Ich bin eine Frau, die gelernt hat, stark und selbstständig zu sein: Das haben mir meine Eltern schon früh beigebracht. Mit diesem Glaubenssatz haben sie mich sozusagen großgezogen: Sie sagten mir immer, ich solle mein eigenes Geld verdienen, eine gute Ausbildung machen und mich nicht von anderen abhängig machen.
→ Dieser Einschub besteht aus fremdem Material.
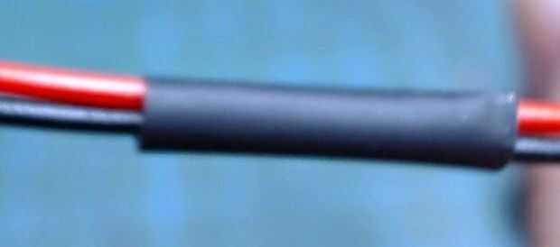 Ahora que eso se hace, deslice el tubo shrinky hacia arriba para que quede al ras con la carcasa y el encogimiento frotando ligeramente el soldador caliente sobre ella (teniendo cuidado de no quemar la caja, el cable, el tubo de shrinky o usted mismo.

Ich habe das befolgt und bin stolz auf meinen beruflichen Erfolg. Aber ich habe auch einen hohen Preis dafür bezahlt: Ich habe mich von meinem Vater entfremdet, der meine Karriere nicht akzeptieren konnte. Nach seinem Willen wäre ich Chef-Ärztin geworden statt Managerin. Er wollte, dass ich im Krankenhaus Karriere mache und eine erfolgreiche Chirurgin werde, mit der er vor seinen Freunden prahlen kann – er selbst ist auch Chirurg.
Aber, in seine Fußstapfen treten wollte ich nicht. Er hat mich nie verstanden oder unterstützt. Er hat mich oft kritisiert und enttäuscht während meiner beruflichen Entwicklung. Ich habe mich von ihm zurückgezogen und eine Mauer um mich errichtet.
Ich habe auch Schwierigkeiten, Beziehungen zu anderen Menschen aufzubauen und „echte“ Freunde zu finden, weil niemandem so richtig traue und Angst habe, verletzt zu werden. Ich kann schlecht um Hilfe bitten oder Hilfe annehmen, weil ich denke, dass ich alles alleine schaffen muss: Ich will nicht schwach oder bedürftig erscheinen. Und noch viel schlimmer: Ich will nicht bei anderen in der Schuld stehen und ihnen einen Gefallen schuldig sein. Selbst meine Eltern frage ich nicht um Hilfe oder Rat – so tief sitzt der Glaubenssatz aus meiner Kindheit in mir fest – unglaublich!